- Born: 1998 (age 27–28) Carlow, Ireland
- Education: The Lir Academy;
- Occupation: Actress
- Years active: 2019–present
- Television: Fifteen-Love; Black Doves;
- Height: 1.80 m (5 ft 11 in)

= Ella Lily Hyland =

Irish actress (born 1998)

Ella Lily Hyland is an Irish actress.

==Early life==
From Carlow, Ireland, her grandfather Dinny Hyland was a record-breaking Irish pole vaulter. Her cousin Jamie Hyland is an All-Ireland schools champion in athletics. She trained in pole vaulting and long jump into her teenage years. A member of the County Carlow Youth Theatre Group and the National Youth Theatre, in 2015 she appeared at the Project Arts Centre in Dublin in Salt Mountain by Carmel Winters.

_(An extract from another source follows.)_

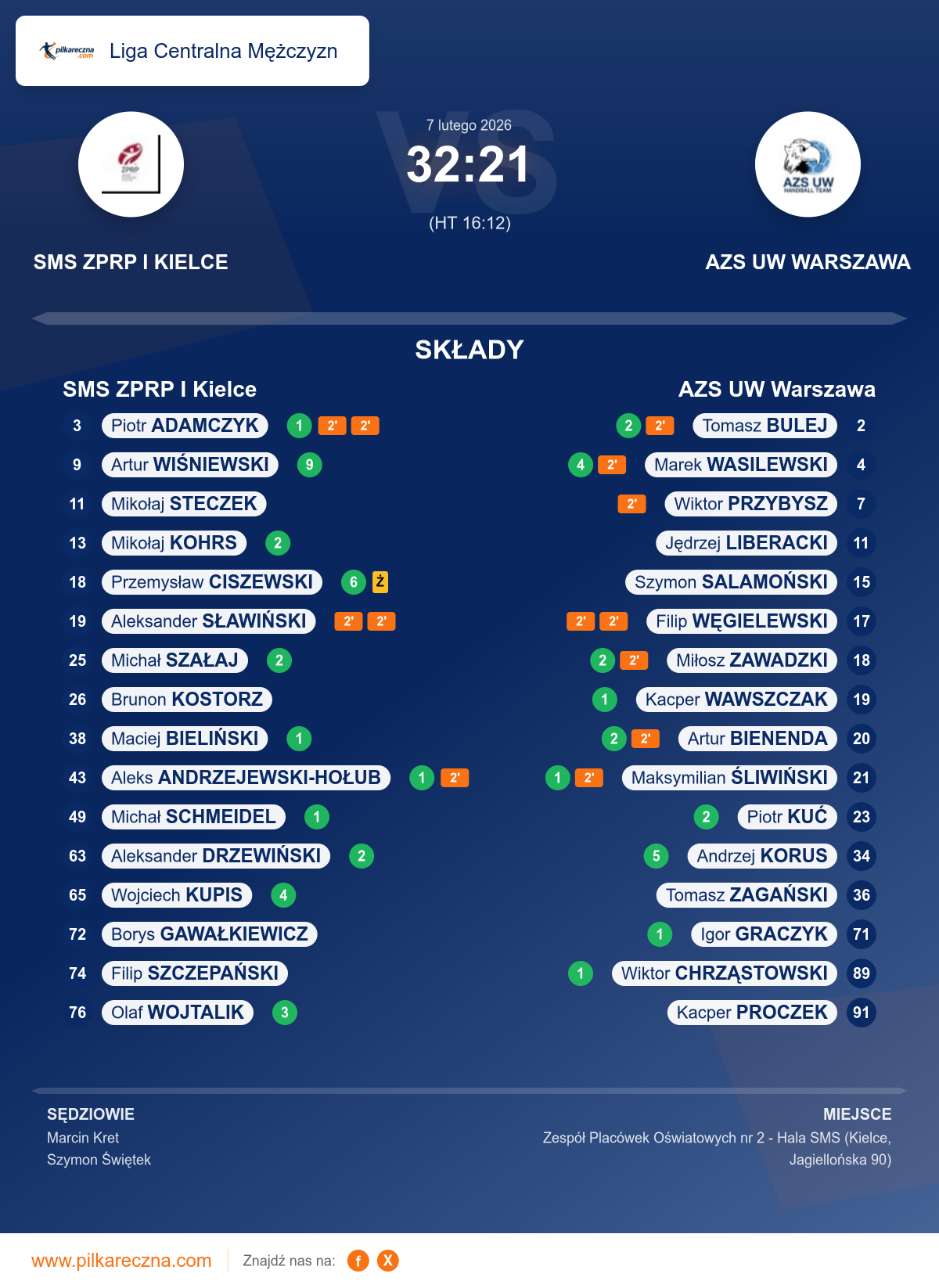 Wynik: 32–21 (HT 16–12)

She was a graduate of The Lir Academy in Dublin.

==Career==
Hyland had a lead role alongside Aidan Turner in the 2023 Amazon Prime Video tennis-based drama series Fifteen-Love. Hyland trained for the tennis scenes and was helped on-set by tennis coach and former-pro Naomi Cavaday. Lucy Mangan in The Guardian described her performance as "mesmerising" and "absolutely superlative", displaying "many facets" of her character – "dislikable, vulnerable, grief-stricken, a case of forced maturity and arrested development [all] at the same time". Dónal Lynch in the Irish Independent praised her "tremendous central performance" with "a mixture of vulnerability and knowingness, with a diffident and offhand delivery of her lines often belying the turmoil in her eyes." She can be seen in the 2023 Scottish film Silent Roar.

In 2024, she featured in the Netflix series Black Doves led by Keira Knightley; the Evening Standard described her as "the breakout star" of the series. In September 2024, Hyland made her Abbey Theatre debut playing the titular character in the Lady Gregory play Grania, which ran until the following month.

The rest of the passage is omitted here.